▶ [DATASET EXTRACT]:
☆ ☆ ☆ ☆
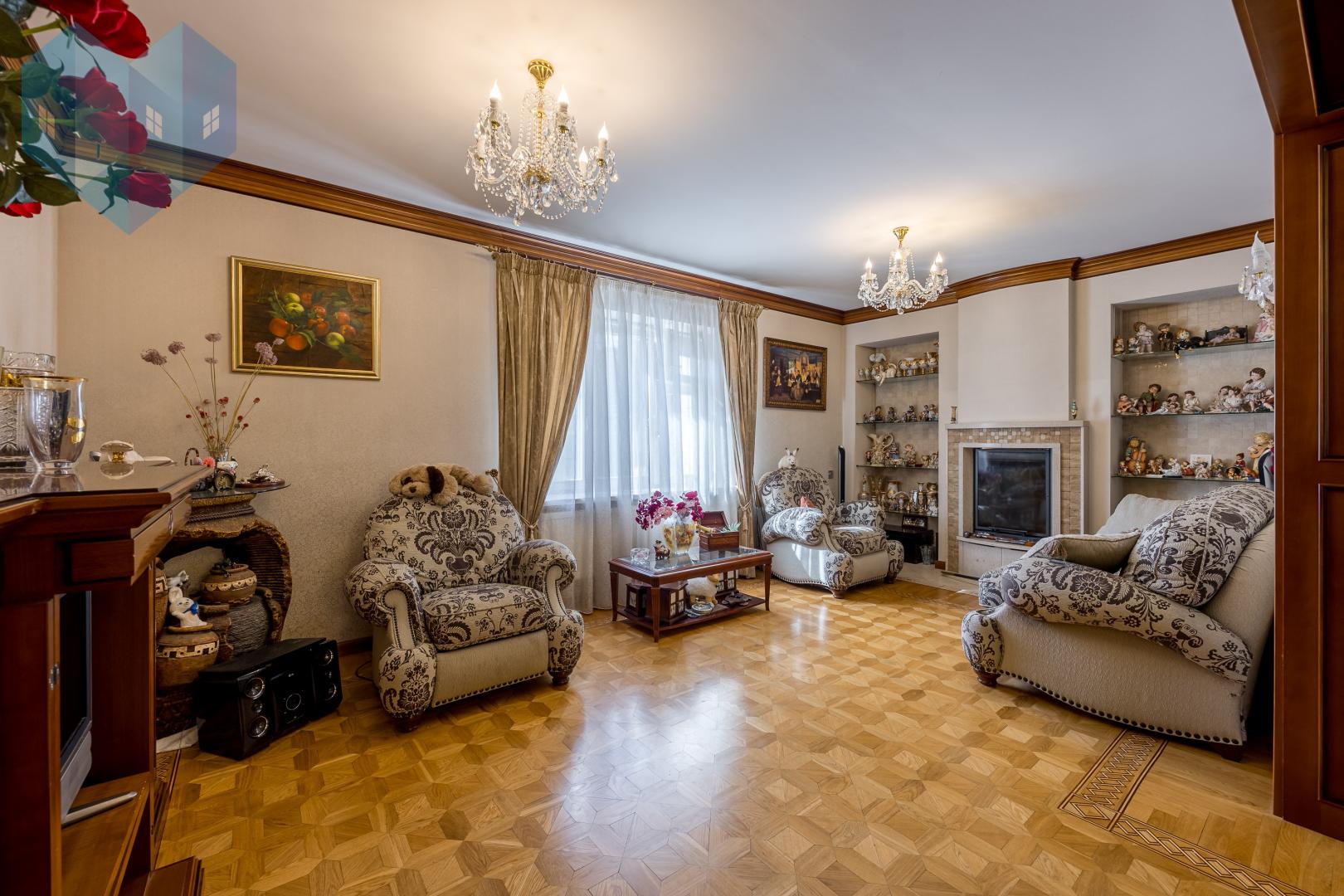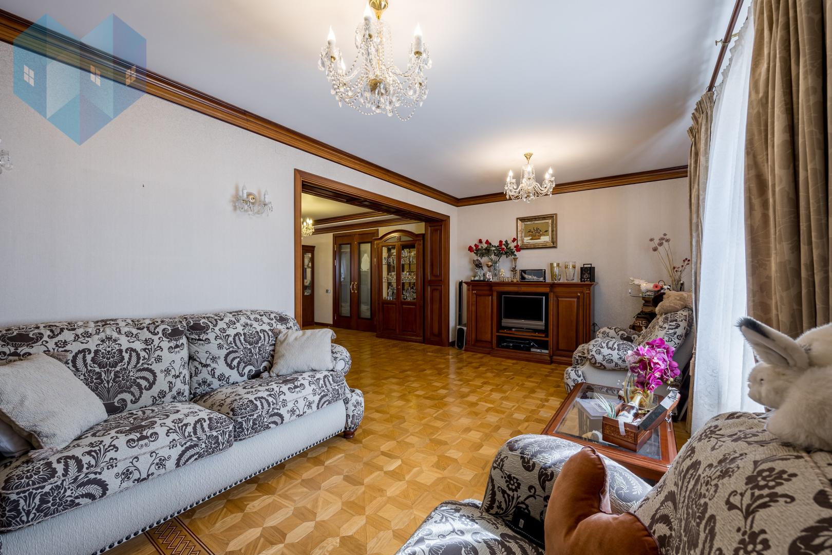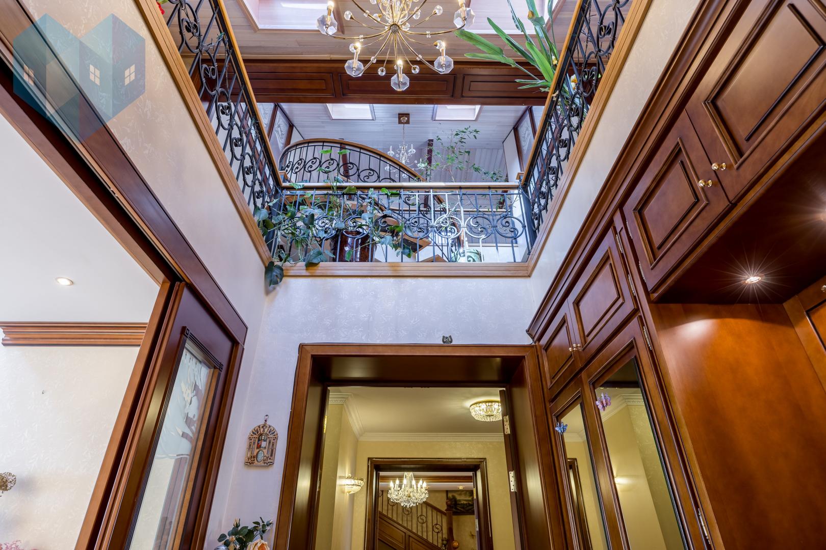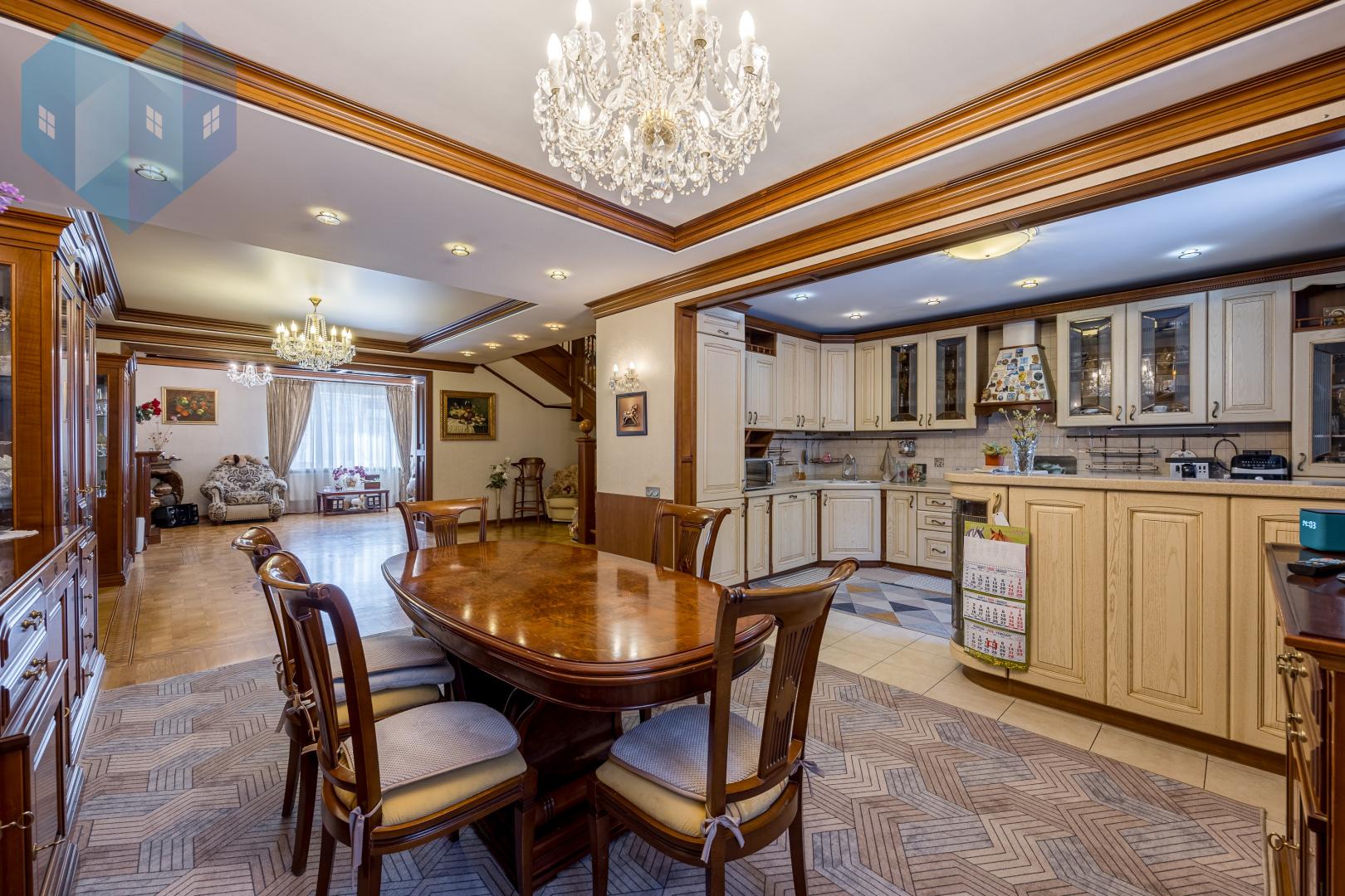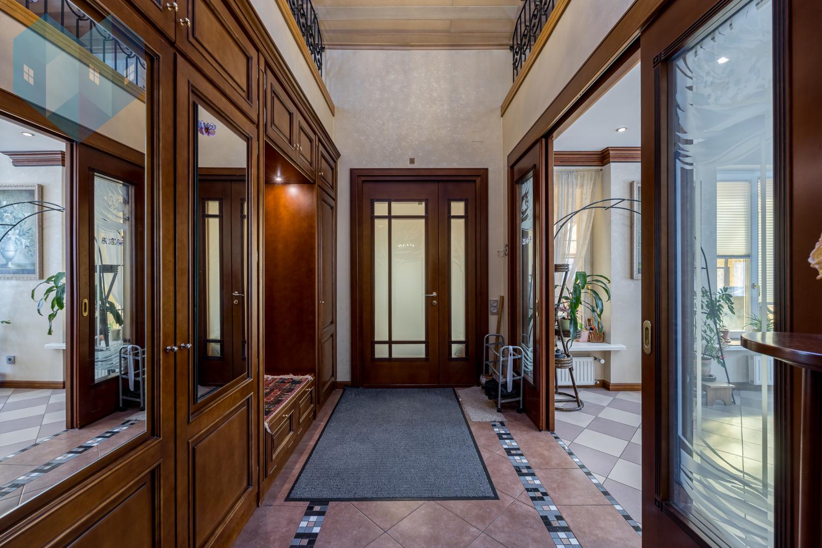 Во внутренней отделке дома использованы премиальные материалы: художественный паркет, венецианская штукатурка, тканевые обои, двери и мебель из массива.
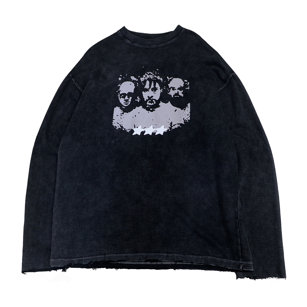 This full sleeve is made with one of a kind ribbed fabric with raw edge sleeves which give a raw finish to the garment. It has been acid washed to perfection. The design speaks about cinema as an art form taking inspiration from the Indian film ‘Delhi Belly’. The model is wearing a L for an oversized look. You can go for smaller sizes.
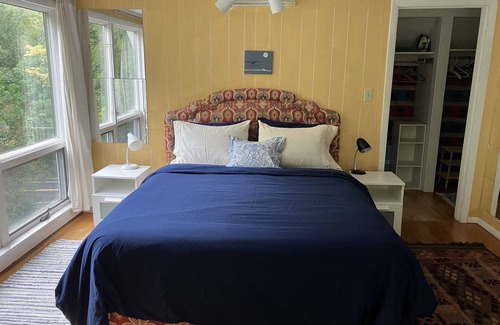 This private, spacious, light filled loft apartment with floor to ceiling windows overlooks private pond, sauna, large garden and woods - the open, uncluttered space and tranquil surroundings are relaxing. Near hiking/biking/running/ski trails, brewery, vineyard, golf course - originally Alice Cook’s house. A queen bed + inflatable bed or rollaway (+1) Safe, quiet, surrounded by nature, wrap-around deck - a peaceful, relaxing, private setting. TV fire stick.
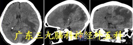 头颅CT:左侧顶部占位性病变,并周围广泛水肿,邻近左侧顶骨受侵犯,考虑脑外占位性病变。
☆ ☆ ☆ ☆
▶ [PROBLEM DETAILS]: Your copy should hold only the lines from the one containing "This private, spacious, light" through the last line of the listing, both included, retyped exactly and free of pictures.

▶ [ANSWER BOX]:
 This private, spacious, light filled loft apartment with floor to ceiling windows overlooks private pond, sauna, large garden and woods - the open, uncluttered space and tranquil surroundings are relaxing. Near hiking/biking/running/ski trails, brewery, vineyard, golf course - originally Alice Cook’s house. A queen bed + inflatable bed or rollaway (+1) Safe, quiet, surrounded by nature, wrap-around deck - a peaceful, relaxing, private setting. TV fire stick.
 头颅CT:左侧顶部占位性病变,并周围广泛水肿,邻近左侧顶骨受侵犯,考虑脑外占位性病变。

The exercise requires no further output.